Per il 2014 il taglio del cuneo fiscale è di 2,5 miliardi di euro (“10 miliardi in tre anni”, preferisce annunciare l’esecutivo). Cosa voglia dire in concreto lo ha spiegato l’Istat: “Il taglio medio del cuneo fiscale, grazie all’aumento delle detrazioni Irpef sui redditi da lavoro dipendente, sarà sulle buste paga meno di 10 euro al mese”. Ancora più pessimista la stima della Banca d’Italia, che precisa come questi piccoli vantaggi siano concentrati solo su alcune fasce di reddito: “Per un lavoratore senza familiari a carico, il risparmio massimo di imposta è di 182 euro l’anno in corrispondenza di un reddito annuo di circa 15.000 euro. Nel caso di una retribuzione lorda pari a quella media di contabilità nazionale (circa 29.000 euro), nel 2014 si determina un risparmio di poco meno di 100 euro”.
Il governo viene coperto di critiche, dai sindacati come dai giornali (anche quelli considerati “amici”). Tanta attesa sulla riduzione del cuneo fiscale, e poi invece ecco una piccola mancia che certo non rilancerà i consumi. A fine novembre Letta rilancia però la sua offensiva mediatica, rispondendo a un appello delle parti sociali pubblicato sul Sole 24 Ore, il giornale della Confindustria, e promette un’altra riduzione delle tasse su imprenditori e lavoratori: “Il Governo è pronto a inserire nella legge di stabilità la norma che vincola alla riduzione delle tasse sulle imprese e sul lavoro le risorse recuperate attraverso la spending review e il contrasto dell’evasione fiscale”. Per giorni, stampa e televisioni sono impegnati a discutere sul cosiddetto “Fondo taglia tasse”, quasi lasciando intendere che sia una misura già attiva e di cui presto tutti potremo beneficiare. Falso. Tuttavia, dicono i più filogovernativi, anche il Parlamento si muove in questo senso: il 17 dicembre,infatti, siamo ancora al punto in cui la Commissione Bilancio della Camera approva un emendamento alla Legge di stabilità che istituisce il fondo per la riduzione (futura) della pressione fiscale. Altri titoli giubilanti sui principali telegiornali.
Il giorno dopo, però, si scopre che il Fondo taglia tasse non solo è per il momento vuoto, ma pare destinato a rimanere tale. O quasi. Infatti l’uso delle risorse del fondo sarà possibile solo fermo restando “il conseguimento degli obiettivi di finanza pubblica”; come dire che in caso di improvvisi buchi di bilancio che impedissero di chiudere il deficit, i soldi del fondo saranno utilizzati come toppa d’emergenza.
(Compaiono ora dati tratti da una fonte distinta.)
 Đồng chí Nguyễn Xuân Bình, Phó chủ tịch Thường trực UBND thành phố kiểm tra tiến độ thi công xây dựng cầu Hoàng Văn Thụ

Inoltre è vero che da quest’anno potranno confluire nel fondo i risparmi ottenuti con la revisione della spesa pubblica (spending review), ma soltanto al netto della quota di spending già considerata nella Legge di stabilità e delle “risorse da destinare a programmi finalizzati al conseguimento di esigenze prioritarie di equità sociale e ad impegni inderogabili”.
Quanto alle risorse provenienti dalla lotta all’evasione, infine, entreranno nel fondo soltanto quelle aggiuntive rispetto alle stime annuali del Governo, ed escludendo sempre e comunque quelle derivanti dall’attività di recupero fiscale svolta da regioni, province e comuni.
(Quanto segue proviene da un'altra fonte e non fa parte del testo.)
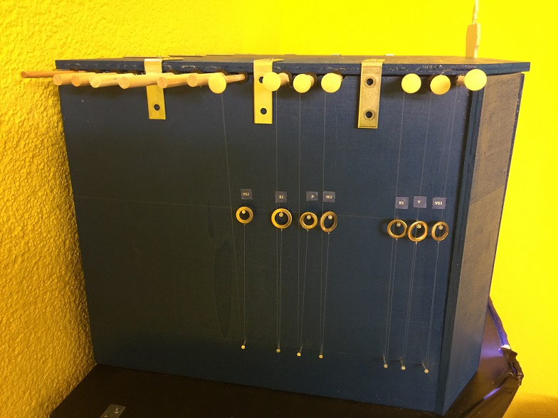 Das ist die Seitenansicht. In dem Kasten hängen die Hintergründe an den Stangen und über die Seile außen kann man die Hintergründe runter lassen.

Tanti, tantissimi paletti e distinguo dunque, con cui difficilmente si riempirà il cosiddetto “Fondo anti tasse”.
A oltre tre mesi di distanza dal primo annuncio di Letta sul “cuneo fiscale”, in definitiva, si scopre che imprenditori e lavoratori vengono soltanto dopo la necessità del governo di aumentare la spesa pubblica e gli sprechi. Come al solito. C’è da fidarsi ancora?